Tea of the Month

Build Our Community – One Ounce at a Time

The history of Hojicha demonstrates the aversion to waste in Japanese culture. In the 1920s, tea merchants tried to make the most of the leftover leaves, stems, stalks, and twigs from past tea production by roasting them over charcoal. In addition to minimizing waste, Hojicha resulted in another business opportunity. The pleasant aroma of roasted green tea helped merchants entice more customers into their shops. This low-caffeine Japanese classic smells of hardwood, toasted cereals, and hazelnuts.

I have been so excited about Hojicha being the September Tea of the Month!

It might be quirky, but I often refer to myself as a roasty-toasty tea drinker, so this tea falls right into my happy place. The smell alone is ever so cozy, almost woody, but definitely nutty! These descriptors aren’t normally what comes to mind when you think of a green tea, though. Hojicha is a Japanese Green tea that is a roasting of what is left over from traditional green tea production.

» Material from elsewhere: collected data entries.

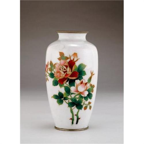 <tr><td>Title:Old Japanese White Cloisonne Vase with Roses</td></tr>
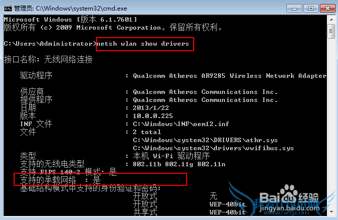 通过命令查看网卡是否可以做发射热点用。看图,点运行后输入“cmd”,然后在黑框框里输入 netsh wlan show drivers 看图中红框内,如果是“是”,恭喜你,你可以的。如果是“否”,那你就看到这里吧。你可以去看看我的其他经验。
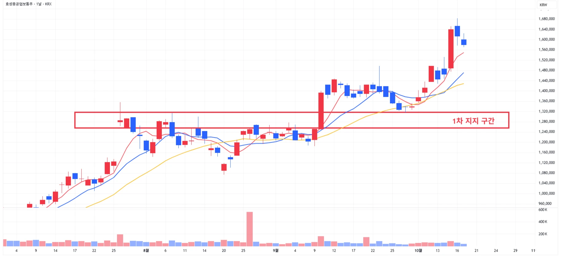 → 매수 시나리오 예시) 1차 지지 구간 도달 시 분할 매수 진행 * 1차적 상승이 발생한 상황이기에 섣부른 추격매수는 위험함을 인지
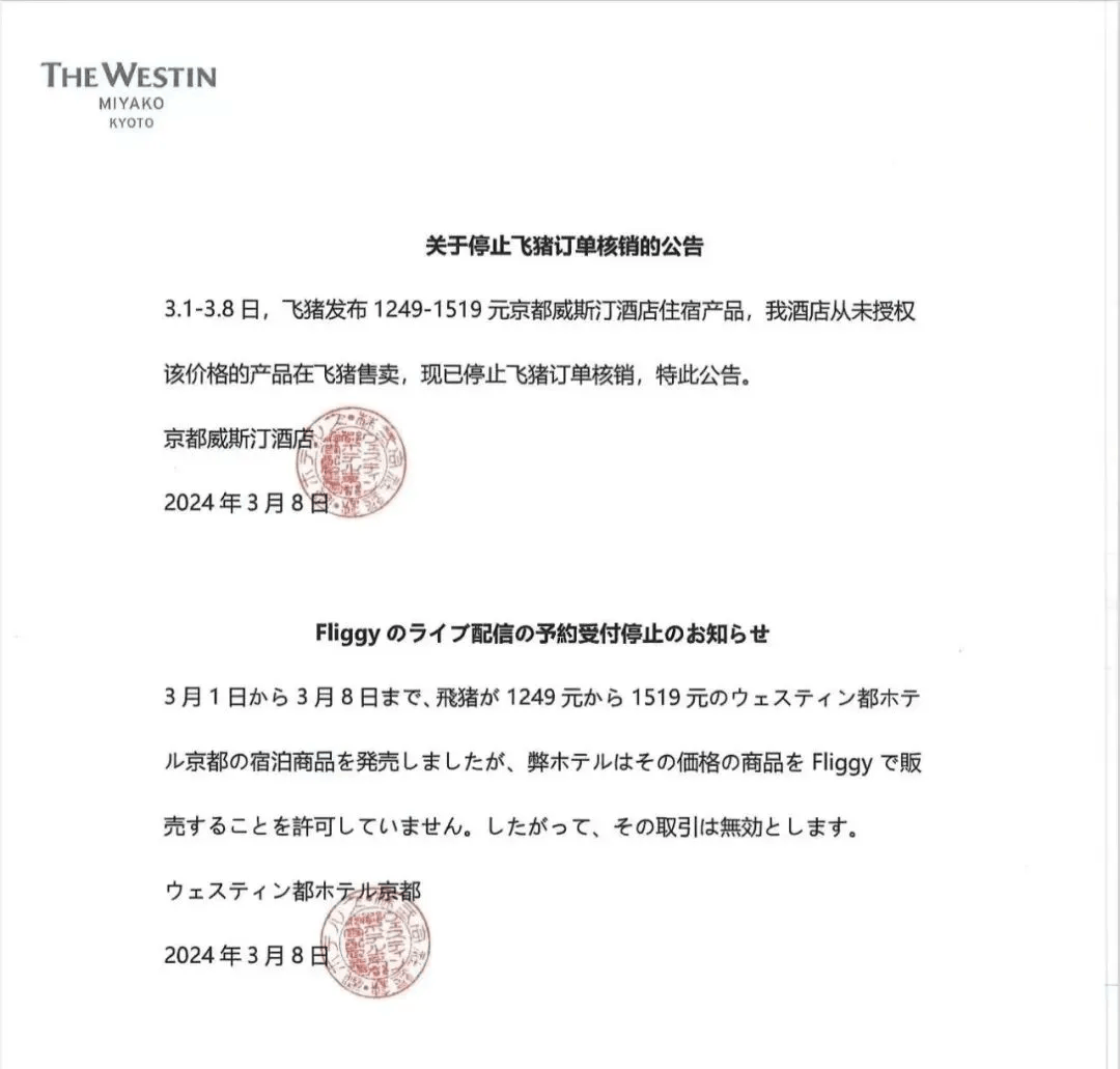 此外,今年3月1日,飛豬平台在官方微信公眾號推出,“京都威斯汀酒店1晚含早”套餐,券後價1499元起;8日,飛豬再度發文稱,在1499元的基礎上將再降150元,併疊加100元券(限時限量)。然而,飛豬的虛假宣傳很快就被揭穿。3月8日京都威斯汀酒店發聲明稱,並未授權該價格的產品在飛豬售賣,現已停止飛豬訂單核銷。
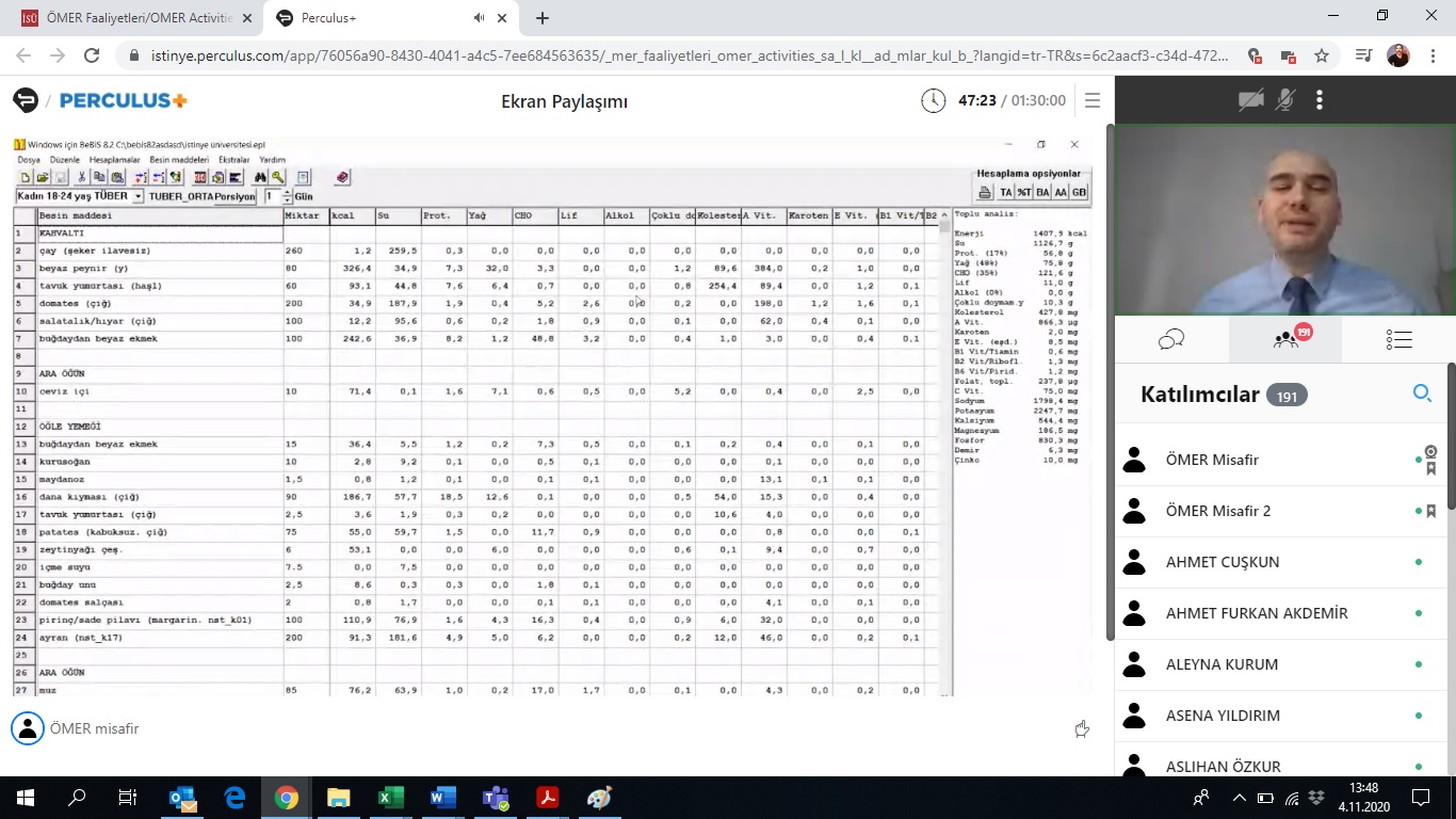 Beslenme ve Diyetetik Öğrencilerinden oluşan Sağlıklı Adımlar Kulübü üyeler, 4 Kasım 2020 tarihinde, BeBİS sistemini uzmanından dinledi.
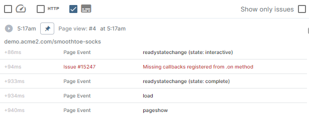 The NoibuJS script captures and displays page lifecycle events to lend additional context to what’s happening on the browser during a user’s session. During the debugging process, a developer can assess what the page was doing during a session when an issue occurred, which may uncover the source of the issue and expedite its resolution.

One of the best parts of Hojicha is that it is nearly devoid of caffeine and for this, I am grateful. I am a bit caffeine sensitive so I must put a stop to my intake by 5pm or I will not sleep. Hojicha is my absolute go to for an afternoon tea when I start to feel hungry, but I don’t want to spoil my dinner. Believe me when I say that this tea’s depth of flavor feeds my cravings for something decadent because it has all the warm notes you find in chocolate, caramel, and even pecan pie. Prepare it as a latte and you have pecan pie ala mode! Okay, maybe not… But you get the idea. Give it a try! Take some home and we will happily donate 15% to Oregon Wild.

Beaver Believers

I have been knee deep in all of the current research involving beavers. I was shocked to discover just how important these dam builders are for our environment. They are literally the best landscape architects in the animal kingdom. For example, when beavers are removed and their dams are destroyed, rivers will run without resistance. Which doesn’t seem like a big deal, but it is a HUGE deal! Without dams, water doesn’t slow down enough to create eddys and channels for baby fish, who need time to grow strong enough to handle fast moving water. If water doesn’t pool, the ground never gets wet enough and wetlands dry up (goodbye all our wetland friends). Without wetlands, fires can easily move from one hillside to the next because wetlands serve as a fire breaks. Without dams, there is no filter to capture pollution and sediment, so our watersheds become unhealthy. Historically, this was a slippery slope created by the fur trade.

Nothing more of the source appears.